We have recently revealed that myeloid progenitor cells differentiate into a subset of pericytes in the ectoderm-derived skin and brain during development (Figure 2) (26). Using high-resolution whole-mount imaging and a series of genetic lineage tracing experiments with hematopoietic cell-specific Vav-Cre and myeloid cell-specific CD11b-Cre lines in combination with a Cre-mediated fluorescent reporter line, we found that the developmental sources of pericytes are heterogeneous and some pericytes are derived from myeloid progenitors in the developing skin and brain.
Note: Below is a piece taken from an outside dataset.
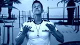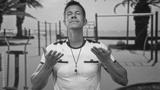 Man with palms up gesture and whistle necklace in gymnasium by outdoor calisthenics bars; calm focus.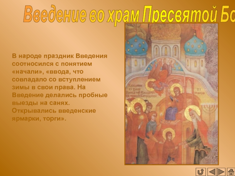 права. На Введение делались пробные выезды на санях. Открывались введенские ярмарки, торги».

Mutant mice lacking myeloid lineage exhibit defective pericyte development. Moreover, TGF-β promotes the differentiation of myeloid progenitors into pericytes in vitro and in vivo. In a similar line of research, some CD31+ F4/80+ macrophages contribute to cerebrovascular pericytes during embryogenesis (48). Insight into the heterogeneous origins of pericytes will have important implications for understanding the establishment of the organ-specific vascular networks during embryonic angiogenesis. Moreover, whether pericytes of different origins have different functions in these tissues remains to be elucidated.
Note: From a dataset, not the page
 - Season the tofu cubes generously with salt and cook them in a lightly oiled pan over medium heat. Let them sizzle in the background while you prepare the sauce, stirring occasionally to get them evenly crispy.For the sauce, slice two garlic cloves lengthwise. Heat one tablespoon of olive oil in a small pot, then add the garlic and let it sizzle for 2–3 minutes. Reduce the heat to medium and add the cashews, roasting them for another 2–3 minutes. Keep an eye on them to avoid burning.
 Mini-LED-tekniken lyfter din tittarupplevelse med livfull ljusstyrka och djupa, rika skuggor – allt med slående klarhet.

Figure 2. Heterogeneity in the origin of pericytes. Pericytes in both endoderm and mesoderm-derived organs, such as lung, liver, gut, and heart have mesoderm origin (orange). Pericytes in the aorta region have several origins: secondary heart field, neural crest, and somite (asterisk). Previous studies have demonstrated that ectoderm-derived neural crest give rise to pericytes in brain and thymus (green). Our group has recently shown that mesoderm-derived myeloid progenitor cells differentiate into pericytes in ectoderm-derived organs such as skin and brain through TGF-β signaling during development.
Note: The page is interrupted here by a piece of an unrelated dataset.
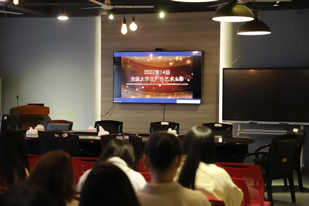 为了更专业地对大广赛参赛学生提供赛事辅导,确保参赛团队创作出高水平作品,2022年5月19日下午2点,文学与新闻传播学院组织学生在文科楼B501集体观看第14届全国大学生广告艺术大赛湖南赛区名家名师创意巡讲直播。

It is an intriguing question of whether pericytes of heterogeneous origins at embryonic stages remain in adult: one possible scenario is that a subtype of pericytes may become dominant in adult. Moreover, adult tissue-resident progenitors contribute to pericytes in pathological situations. Indeed, mesenchymal stem cells generate pericytes after radiation therapy (49), while mesenchymal tumors such as bone and soft tissue sarcomas can be derived from pericytes (50). Glioblastoma stem cells generate pericytes to support tumor growth (51). Defining the origin of adult tissue pericytes needs the development of a cell-type specific inducible Cre recombinase line such as CreER. Transient Cre activity produces fluorescent reporter positive cells at a defined developmental time point and then allows for the tracking of their progeny in adults. The inducible lineage tracing experiment also allows us to examine whether pericytes of different origins could differentially contribute to the neovascularization processes in pathological conditions such as tumor angiogenesis and wound healing.
Pericytes in Adult and Diseases
Pericytes have been reported as a component of stem cell niches and mesenchymal stem cells. In the bone marrow, NG2+ pericytes in arterioles promote hematopoietic stem cell (HSC) quiescence and are important for HSC maintenance (52). Likewise, NG2+/Nestin+ pericytes associate with portal blood vessels in fetal liver and are required for the HSC niche (53). In the adult brain, neural stem cells (NSCs) located in the largest germinal region of the forebrain, the ventricular-subventricular zone (V-SVZ). Endothelial cells and pericytes in the V-SVZ form the NSC niche, and V-SVZ pericytes secrete diffusible factors that increase the proliferation and enhance neuronal differentiation (22). In vitro differentiation capacity of pericytes into mesenchymal cell types (e.g., adipocytes, chondrocytes, osteoblasts, fibroblasts, VSMCs) has been proven in a multitude of studies (54–58). Pericytes facilitate repair process after myocardial infarction in the heart (59, 60), while pericytes regenerate injured and dystrophic skeletal muscles (61). In vivo lineage tracing experiments have reported pericytes as progenitors of white adipocytes (62), follicular dendritic cells (63), odontoblasts (mesenchyme-derived dentine producing cells) (64), and skeletal muscle (61). Differentiation capacities of pericytes into neurons, astrocytes, and oligodendrocytes have been also reported (56). In addition, pericytes have been reported to play a major role as fibroblast progenitors in fibrotic responses (65).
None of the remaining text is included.